• What you have to do: Every entry below should come back unchanged, except that the pictures are dropped.

[Stored items from a collection]

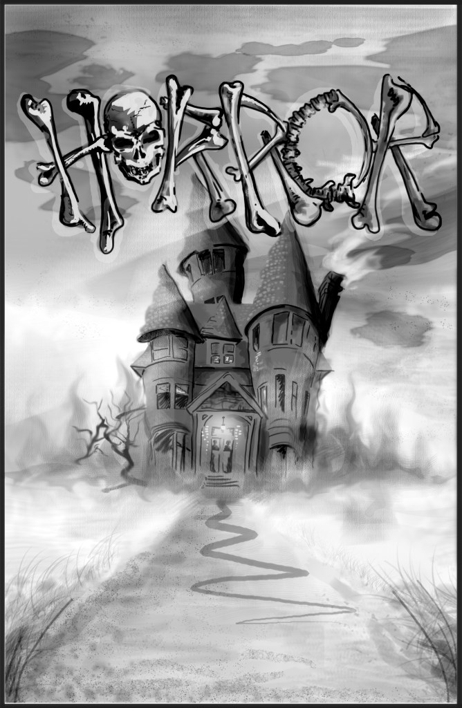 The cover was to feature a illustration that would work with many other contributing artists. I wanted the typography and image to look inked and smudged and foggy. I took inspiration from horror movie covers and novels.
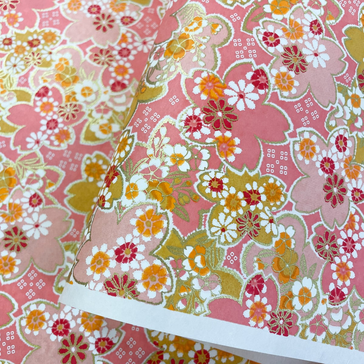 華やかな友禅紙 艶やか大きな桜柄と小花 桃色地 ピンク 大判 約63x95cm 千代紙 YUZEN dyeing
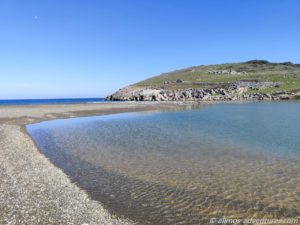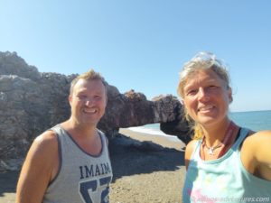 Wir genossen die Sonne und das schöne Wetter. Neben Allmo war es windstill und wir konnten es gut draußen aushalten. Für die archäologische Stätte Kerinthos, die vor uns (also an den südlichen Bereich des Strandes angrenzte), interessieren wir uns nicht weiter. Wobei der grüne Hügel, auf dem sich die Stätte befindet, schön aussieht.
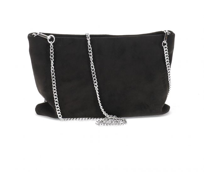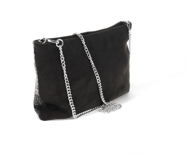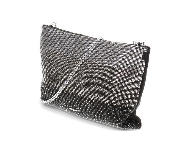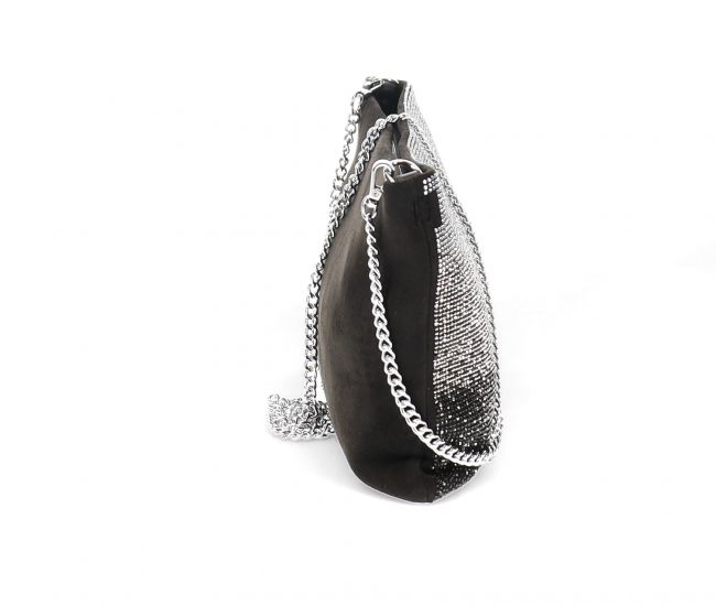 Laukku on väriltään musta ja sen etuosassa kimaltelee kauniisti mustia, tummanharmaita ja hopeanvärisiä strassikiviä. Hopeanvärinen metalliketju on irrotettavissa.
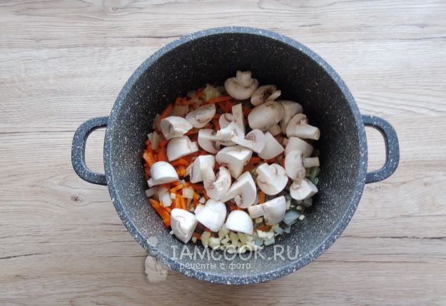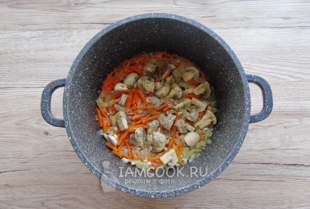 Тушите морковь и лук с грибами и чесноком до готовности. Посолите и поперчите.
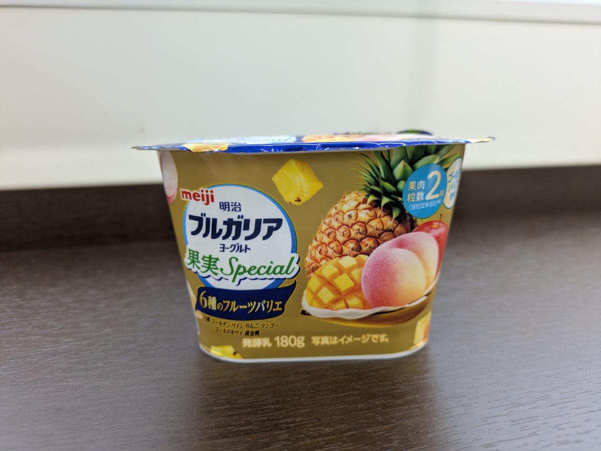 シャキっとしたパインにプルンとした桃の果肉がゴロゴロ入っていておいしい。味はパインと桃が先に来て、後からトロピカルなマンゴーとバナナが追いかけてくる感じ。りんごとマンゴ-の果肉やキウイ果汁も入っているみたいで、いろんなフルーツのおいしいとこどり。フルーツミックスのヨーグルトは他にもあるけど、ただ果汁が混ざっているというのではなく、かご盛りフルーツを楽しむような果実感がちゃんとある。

• Solution below:
 The cover was to feature a illustration that would work with many other contributing artists. I wanted the typography and image to look inked and smudged and foggy. I took inspiration from horror movie covers and novels.
 華やかな友禅紙 艶やか大きな桜柄と小花 桃色地 ピンク 大判 約63x95cm 千代紙 YUZEN dyeing
 Wir genossen die Sonne und das schöne Wetter. Neben Allmo war es windstill und wir konnten es gut draußen aushalten. Für die archäologische Stätte Kerinthos, die vor uns (also an den südlichen Bereich des Strandes angrenzte), interessieren wir uns nicht weiter. Wobei der grüne Hügel, auf dem sich die Stätte befindet, schön aussieht.
 Laukku on väriltään musta ja sen etuosassa kimaltelee kauniisti mustia, tummanharmaita ja hopeanvärisiä strassikiviä. Hopeanvärinen metalliketju on irrotettavissa.
 Тушите морковь и лук с грибами и чесноком до готовности. Посолите и поперчите.
 シャキっとしたパインにプルンとした桃の果肉がゴロゴロ入っていておいしい。味はパインと桃が先に来て、後からトロピカルなマンゴーとバナナが追いかけてくる感じ。りんごとマンゴ-の果肉やキウイ果汁も入っているみたいで、いろんなフルーツのおいしいとこどり。フルーツミックスのヨーグルトは他にもあるけど、ただ果汁が混ざっているというのではなく、かご盛りフルーツを楽しむような果実感がちゃんとある。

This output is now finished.